REQUIRED WORK:
Return all of the data that follows precisely, leaving every image out.

GIVEN DATA:

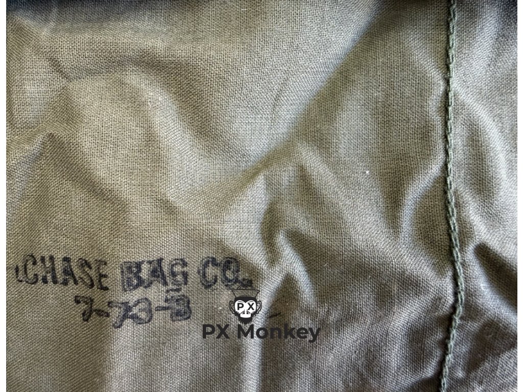 Datace a Značení: Na přední straně je výrazné razítko "CHASE BAG CO." a kód "7-73-B". Chase Bag Company byl obrovský dodavatel těchto obalů. Značení jasně odkazuje na červenec 1973, tedy závěr vietnamského konfliktu.
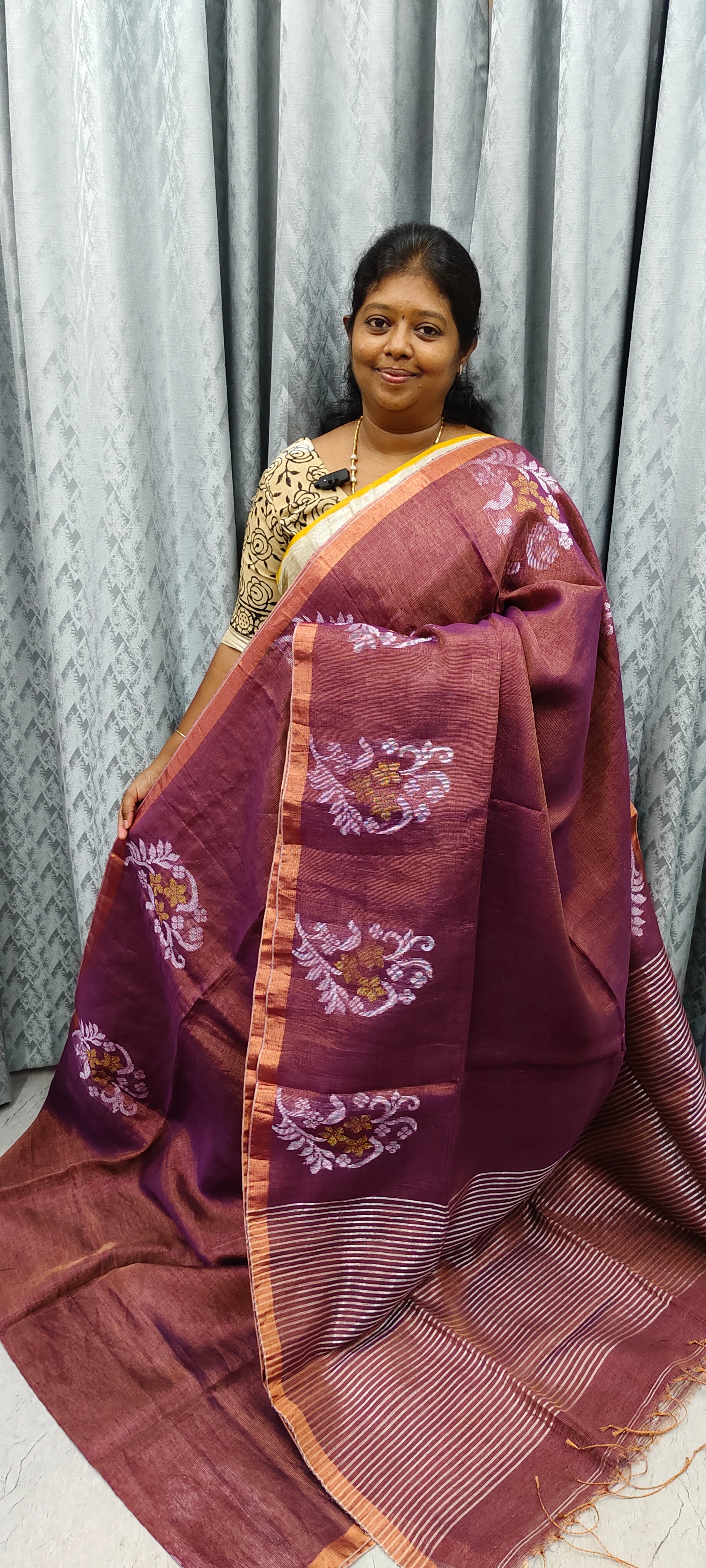Premium organic 120 count linen silk fabric with hand zari weaving motifs with plain blouse
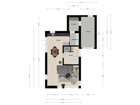 - Aangebouwde stenen garage
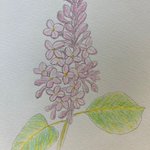 1 4 本日のお絵描き。4月12日の誕生花、ライラックの花です。花言葉は「初恋の思い出」ロマンチックですなぁ。🌼 #アナログイラスト 23/04/12 22:56

REPLY:
 Datace a Značení: Na přední straně je výrazné razítko "CHASE BAG CO." a kód "7-73-B". Chase Bag Company byl obrovský dodavatel těchto obalů. Značení jasně odkazuje na červenec 1973, tedy závěr vietnamského konfliktu.
Premium organic 120 count linen silk fabric with hand zari weaving motifs with plain blouse
 - Aangebouwde stenen garage
 1 4 本日のお絵描き。4月12日の誕生花、ライラックの花です。花言葉は「初恋の思い出」ロマンチックですなぁ。🌼 #アナログイラスト 23/04/12 22:56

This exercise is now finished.